Activity systems thinking is about a network of regular activities performed by actors. Regular or repeated activities advance the state of things of interest (people, processes, materials and machines), which is remembered in the values of state variables and communicated in messages.

 

There is no presumption in activity system thinking that information is digitized. But since 1960, business activity systems have increasingly depended on IT. Commonly, when IT operations stop core business operations stop, it is impossible to continue core business operations in some non-IT-using way, and without access to digital data, the business is sunk.

 

Commonly, a business employs a messy patchwork of activity systems supported by IT, which may interact, overlap, and even be in competition. EA strives to extend and improve these systems, and optimize how they are coordinated to the benefit of the whole. And to do that, EA needs architectural descriptions of those systems.

 

Enterprise architecture

Architectural descriptions

<create and use>                 <represent>

System architects <observe and envisage> Business activities

 

Social entity thinking is about a network of actors who perform activities. EA requires a measure of social entity thinking. To begin with, logical functions and roles must be mapped to physical organization units and actors. Moreover, a business is more than the sum of the activity systems it employs. It is also a social entity, in which actors have some freedom to act as they see fit. The advice in short is:

 

Is your interest where actors

Then use

determine their own actions?

Social entity thinking

 

do both above and below?

Social entity thinking

Activity systems thinking

play roles in regular processes?

 

Activity systems thinking

 

This book looks at both social entity thinking and activity systems thinking, and their relevance to EA. It goes on to expose and resolve ambiguities with reference to five new or newly presented ideas.

 

·       Drawing a clear distinction between social entity thinking and activity systems thinking helps us recognize and resolve ambiguities and confusions in modern systems thinking.

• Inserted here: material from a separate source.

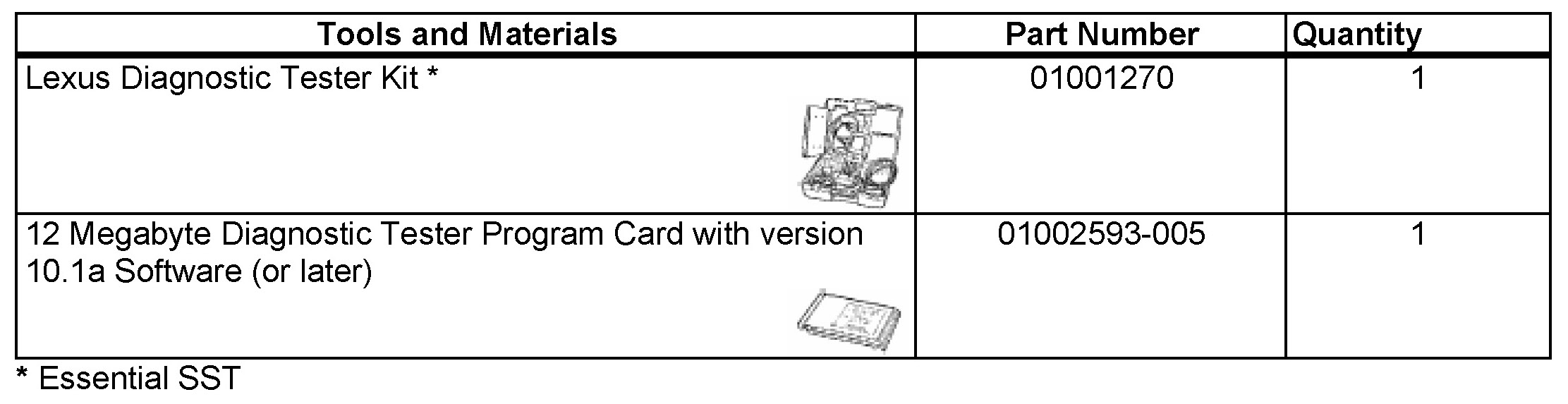 - Version 12.01a or later Diagnostic Tester software is required to perform this procedure.

·       Classifying causality into four kinds helps us to characterise what makes social entity thinking different.

·       Representing “change” as a three-dimensional phenomenon helps us to think more clearly about what it means to model change and design for it.

·       Separating meta system from system – allowing one actor to play a role in each - helps us to reconcile activity system theory with “self-organization”, and gives us an alternative to second order cybernetics.

·       Using an "epistemological triangle" to distinguish models from what they model, and relate information to the phenomena it corresponds to, gives us a practical and useful alternative to the classic semiotic triangle.